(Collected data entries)
◇ ◇ ◇ ◇ ◇ ◇ ◇

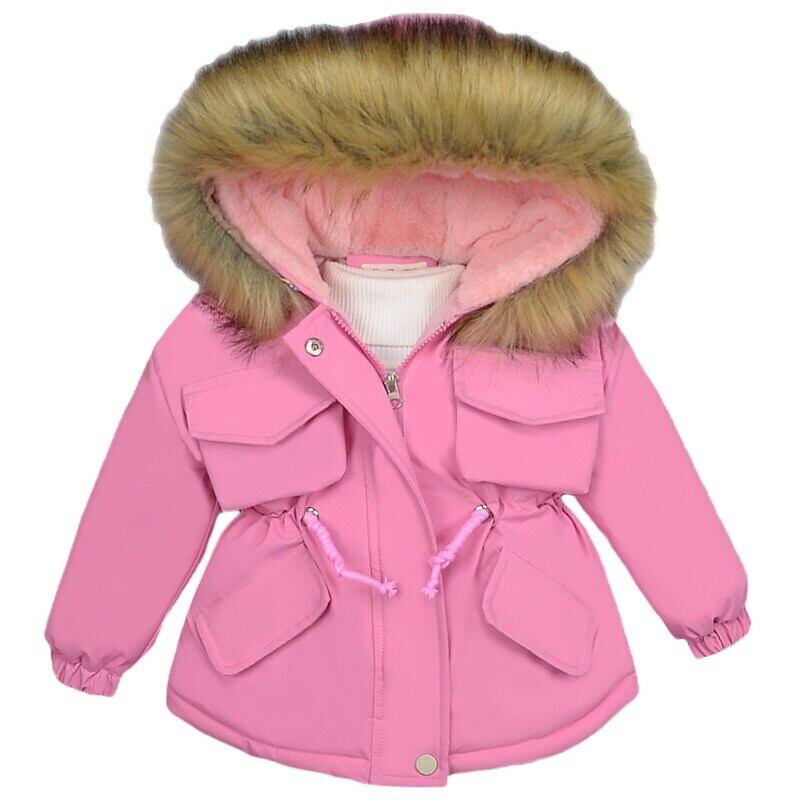 新作 ガールズウィンターウォームシックファーカラーフーディージャケットコートアウターキッズキッズクリスマスオーバーオールコットンパッド入りアウターウェア
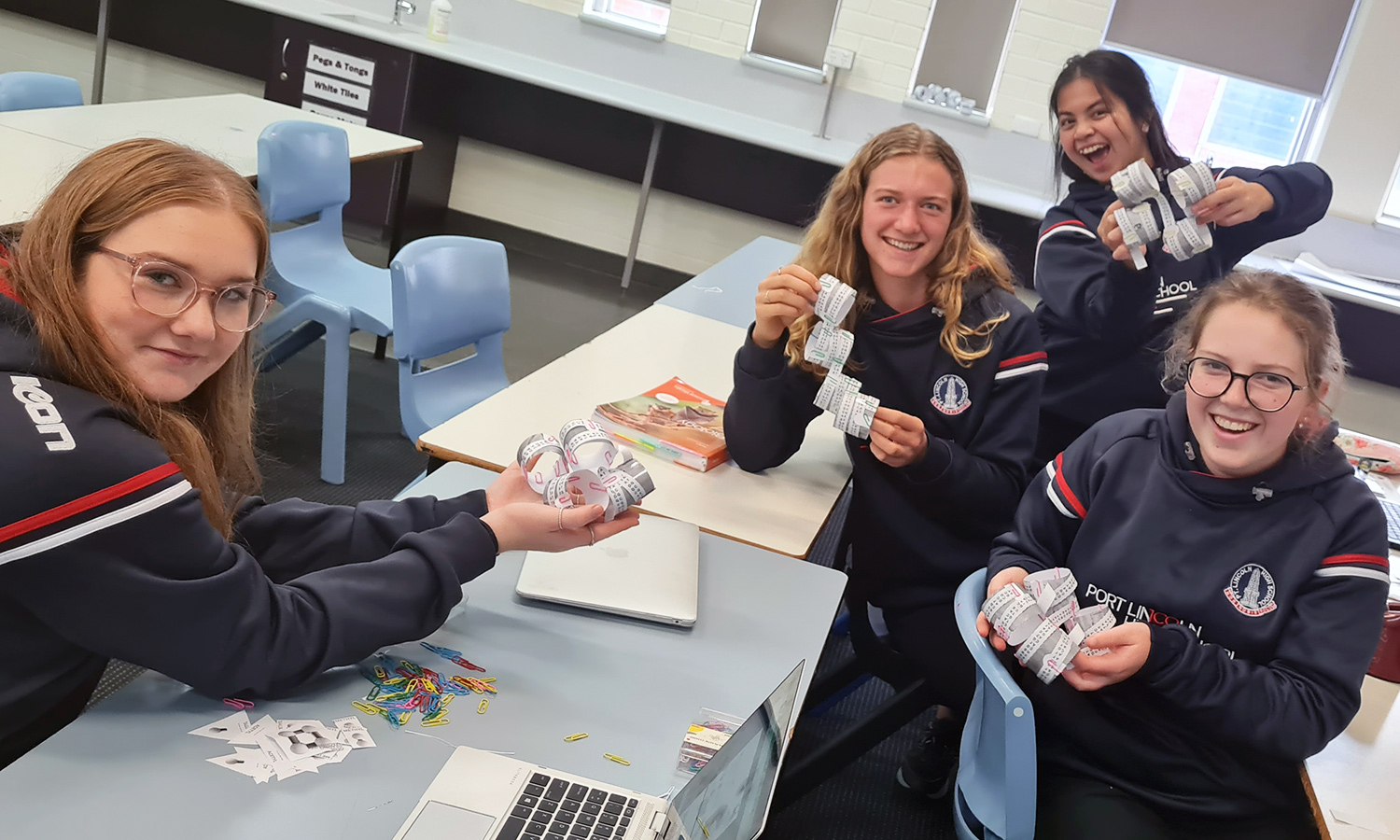 The second sees Biology students Eliza Hartwich, Amelia Stevens, Denise Sadiwa and Ella Campbell constructing protein models in Ms. Tiff Evans’ class.
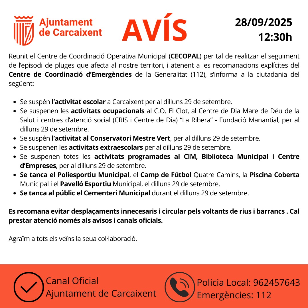 El Centre de Coordinació Operativa Municipal (CECOPAL) ha suspés les classes per a aquest dilluns, 29 de setembre, degut a l’avís roig per fortes pluges. Per tant demà el centre estarà tancat.
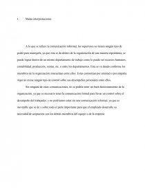 A lo que se refiere la comunicación informal, los superiores no tienen ningún tipo de poder para manejarla, ya que esta se da dentro de la organización de una manera espontánea, se puede lograr dentro de un mismo departamento de trabajo como lo puede ser recursos humanos, contabilidad, producción, ventas, etc. o entre los departamentos. Esta se va dando conforme los miembros de la organización interactúan entre ellos. Estas comienzan por amistad o por empatía. Aquí no existe ningún tipo de control sobre sus desempeños personales entre ellos.
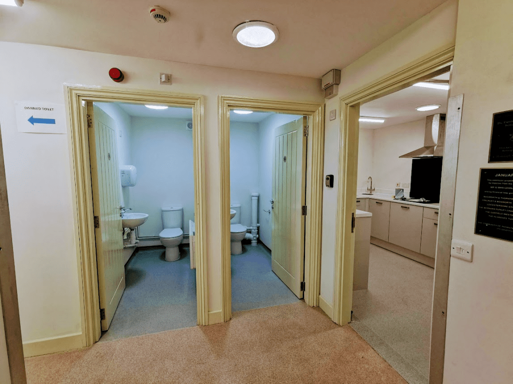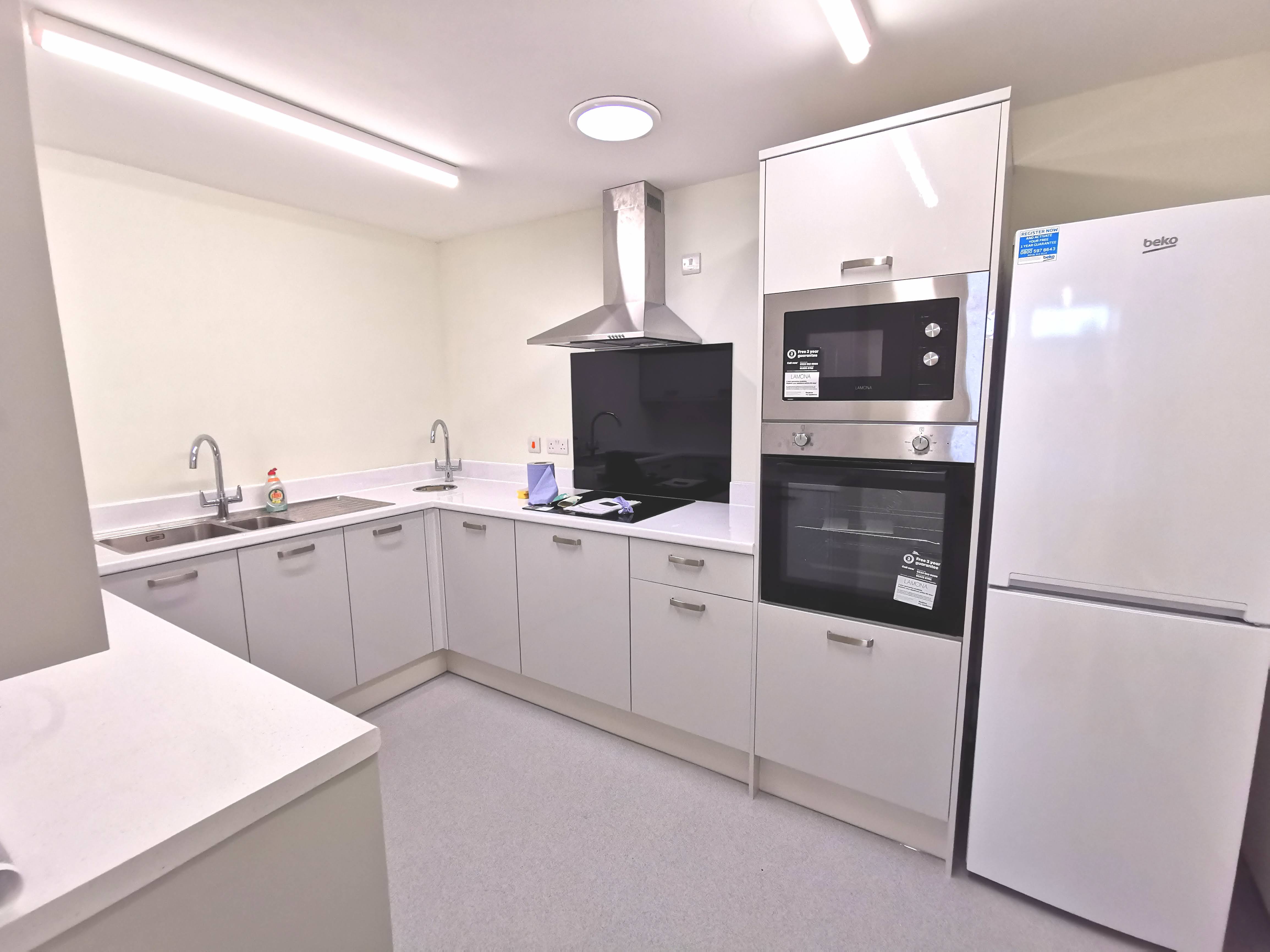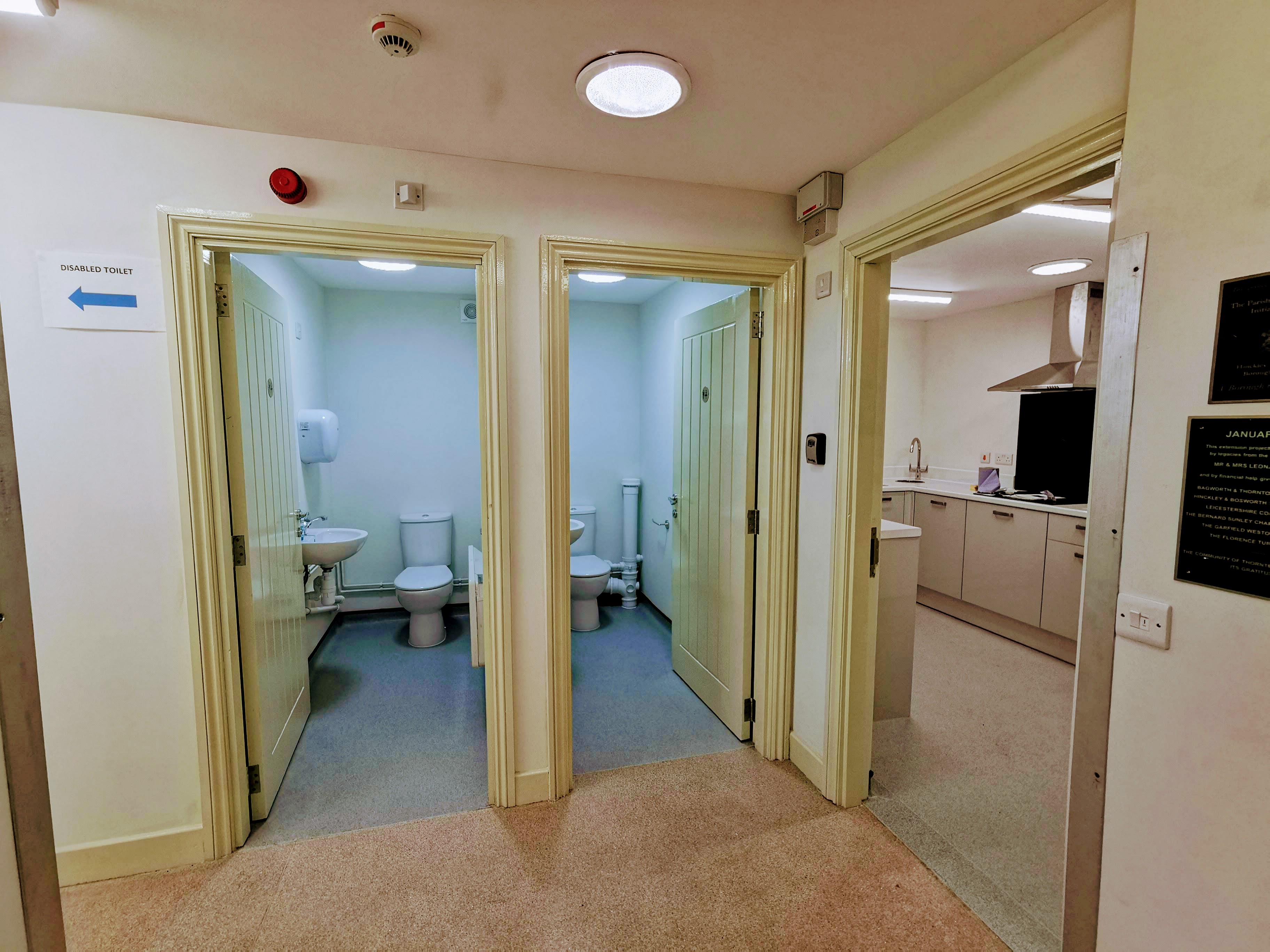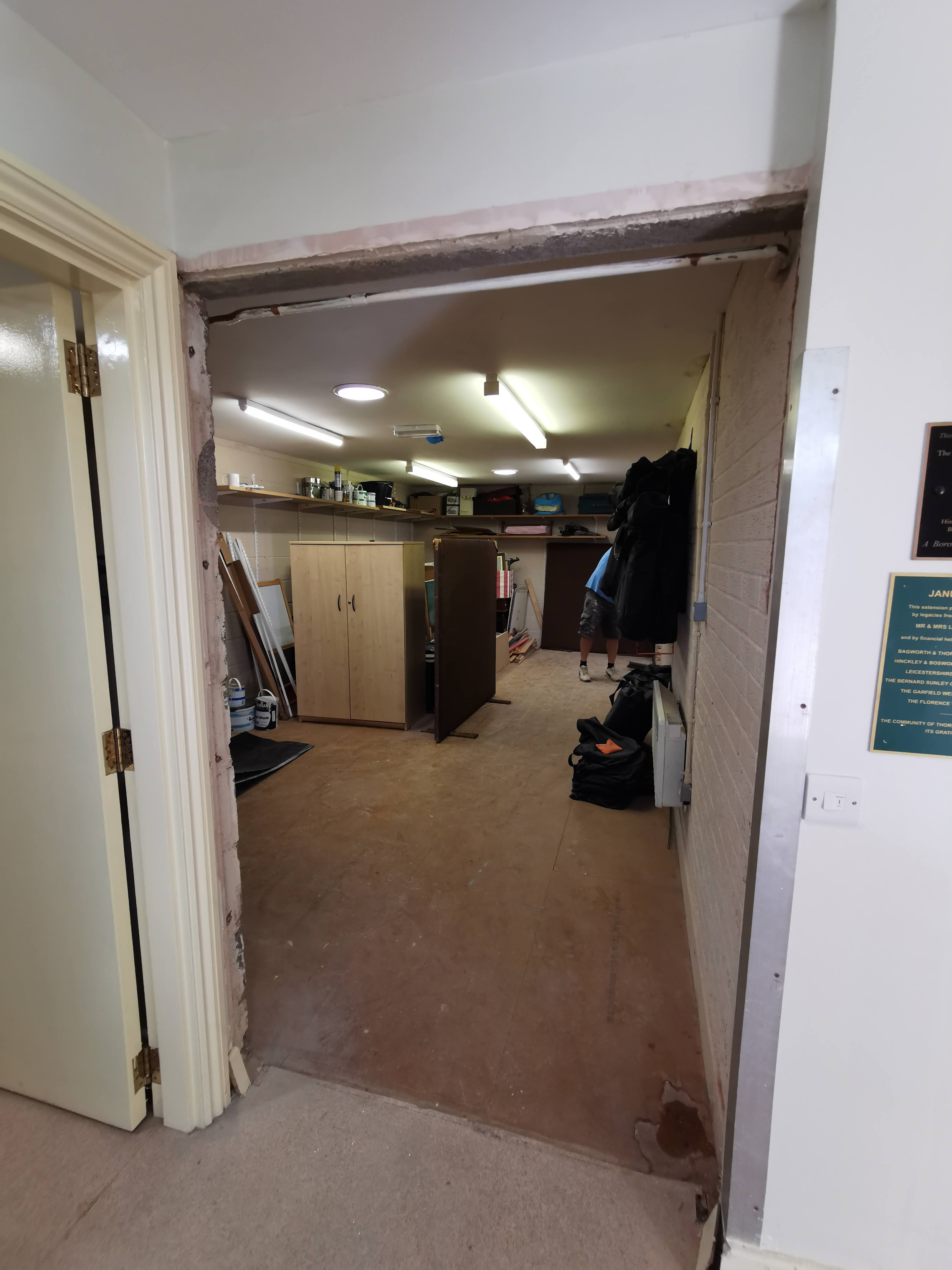 To provide two unisex toilets in the Sports Hall (additional to the disabled toilet) by utilising the space of the existing small kitchen and using a third of the Sports Hall storeroom space for a new modern, fully equipped kitchen with eye level oven and microwave, induction hob, and large fridge freezer. (Tim Baker TLB Construction Ltd).

◇ ◇ ◇ ◇ ◇ ◇ ◇

PROMPT: Every line above should be transcribed exactly, though no image should be carried over.

THE ANSWER:
 新作 ガールズウィンターウォームシックファーカラーフーディージャケットコートアウターキッズキッズクリスマスオーバーオールコットンパッド入りアウターウェア
 The second sees Biology students Eliza Hartwich, Amelia Stevens, Denise Sadiwa and Ella Campbell constructing protein models in Ms. Tiff Evans’ class.
 El Centre de Coordinació Operativa Municipal (CECOPAL) ha suspés les classes per a aquest dilluns, 29 de setembre, degut a l’avís roig per fortes pluges. Per tant demà el centre estarà tancat.
 A lo que se refiere la comunicación informal, los superiores no tienen ningún tipo de poder para manejarla, ya que esta se da dentro de la organización de una manera espontánea, se puede lograr dentro de un mismo departamento de trabajo como lo puede ser recursos humanos, contabilidad, producción, ventas, etc. o entre los departamentos. Esta se va dando conforme los miembros de la organización interactúan entre ellos. Estas comienzan por amistad o por empatía. Aquí no existe ningún tipo de control sobre sus desempeños personales entre ellos.
 To provide two unisex toilets in the Sports Hall (additional to the disabled toilet) by utilising the space of the existing small kitchen and using a third of the Sports Hall storeroom space for a new modern, fully equipped kitchen with eye level oven and microwave, induction hob, and large fridge freezer. (Tim Baker TLB Construction Ltd).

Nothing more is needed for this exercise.